I don’t see color! – This is perhaps one of the most annoying statements people of color hear from white people who think they’re being all open-minded and progressive. To say that you don’t see color when you deal with people is ignorant unless you actually have a visual or neurological impairment that literally makes you see in black and white or to not be able to somehow differentiate pale skin from darker skin. To be honest, this is a form of erasure. It’s like saying a person’s very identity and background doesn’t matter. But it does. We are many of us defined by our cultural, racial and/or ethnic backgrounds. That doesn’t mean people of color are stereotypes, but it does mean they tend to have various (and varied from person to person) distinct character traits (good, bad or neutral) that come from their racial background and racial experience. Black people, overall, often have different cultural behaviors and language compared to white people, for example. It’s a fact. Someone who is part of an immigrant family or only a generation or two removed from immigration probably has all kinds of cultural differences compared to the average white person. Ignoring that is being purposefully ignorant. When a white person from the North meets a white person from the Deep South, you can best believe that Northern white person is gonna notice differences in the way the other person speaks, reacts to situations, eats, etc. (and vice-versa). So don’t act like you didn’t notice the person in front of you was Black, brown or whatever. Acknowledge and respect differences; don’t pretend they don’t exist or don’t matter. Acceptance is better than mere inclusion.

Oh my gosh, can I touch your hair? – This is a statement that is so often followed by the white person who said it putting their hand into the hair of a Black person without actually waiting for permission. It’s a very specific example, but probably one of the big ones that Black people complain about because it happens to them or to their children, and there are all kinds of variations on this theme. But regardless of whether it’s hair or something else, it’s invasive and creepy. It turns non-white people into something like the human equivalent of zoo animals. It is, in a sense, as fetishistic as the white person who “only dates Black (or Latinx, or whatever) people” (often because they are seen as exotic). People of color and other forms of difference are not interactive exhibits to be handled or ogled at the whim of people in the more mainstream/privileged groups (white, cis-male, hetero, Christian). This is the kind of thing that happens when people think they’re being open-minded and/or progressive, but instead they are making the person’s difference(s) the only interesting or important thing. Turning a person into an object.

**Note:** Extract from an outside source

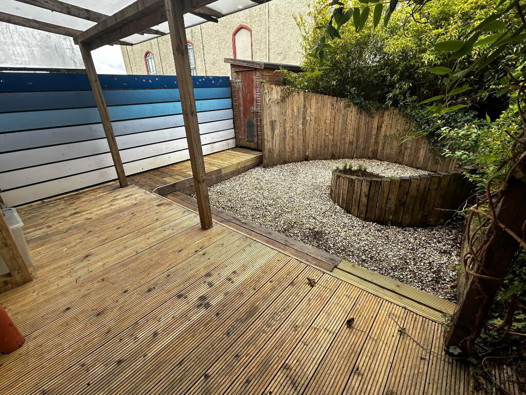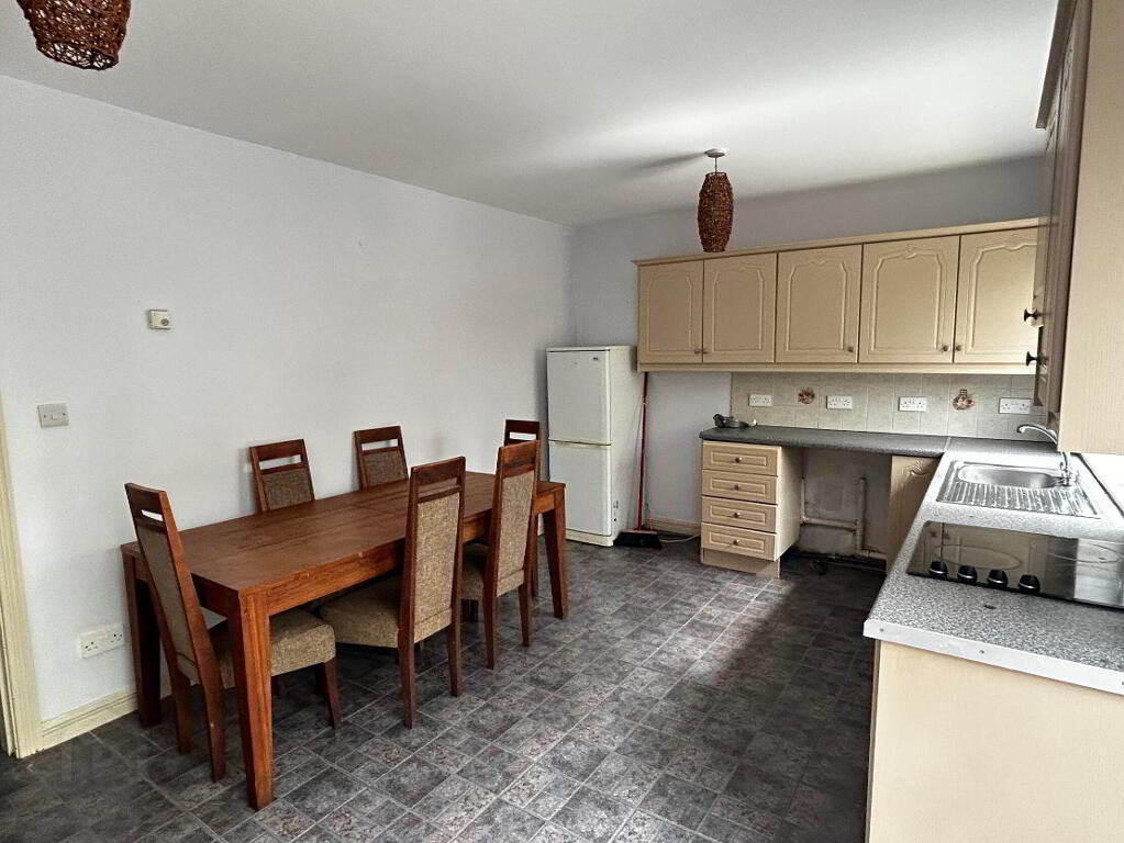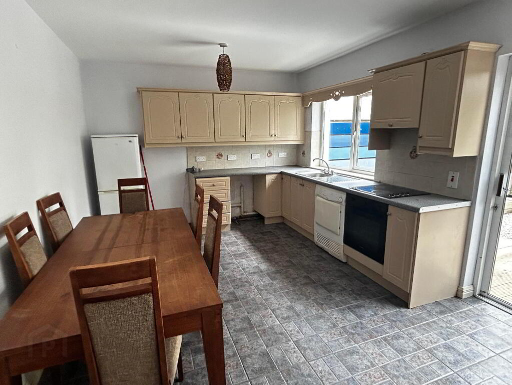 5.30m x 3.35m Kitchen and dining area at the rear with patio door to rear decking and back garden. Fitted units with lots of storage space, plumbed for washer, single drainer sink, electric hob and oven. Mulitple Power points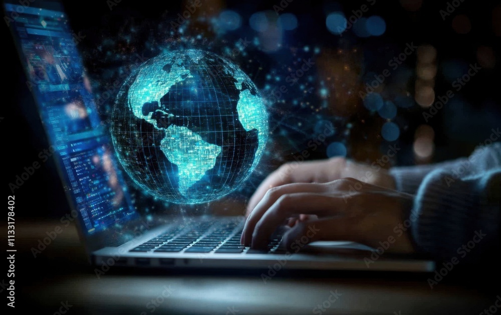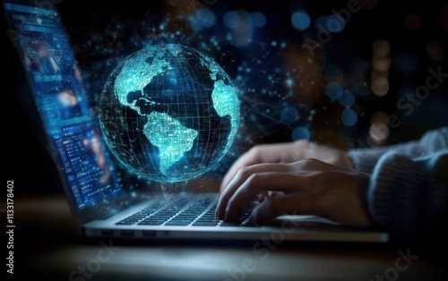 Wall mural person typing on their laptop with digital globe map and global network connection technology in bac - Wall murals Wall mural person typing on their laptop with digital globe map and global network connection technology in bac - Wall murals

You speak so well – This is the example I will finish with. I mean, I could go on and on and on but I just want to give you some starting points to open your own eyes. The previous two examples were on the two ends of the spectrum: “color-blind” vs. “fetishist.” This you speak so well example is often committed by white people not only at both ends of the spectrum but most of them in between. It often comes out in other variations: You write so clearly, you speak so eloquently, you’re a credit to your race, etc. It’s insulting because chances are in the 95% or more range that you would never say the same thing to a white person if you read something they wrote or listened to them speak publicly or argue a point in a discussion. It is insulting because underlying it is the suggestion: “Most of the people who look like you are lesser in skill than us white people but you’re different.” Under the guise (and often the honest intention) of sincere flattery, you’ve just not only insulted most of the person’s fellow race/ethnicity but also “othered” them…set them apart from everyone else and made them out to be something rare and not belonging to any “normal” group. It’s one thing to tell a person of color, for example, after a talk they’ve given, “That really moved me” or “I learned a lot from hearing you speak”…that’s often fine. But that’s because it’s the same kind of thing you would say to a white person who spoke. Don’t give the backhanded compliments, though, spiced up with racism or bigotry, however unintentioned it might be.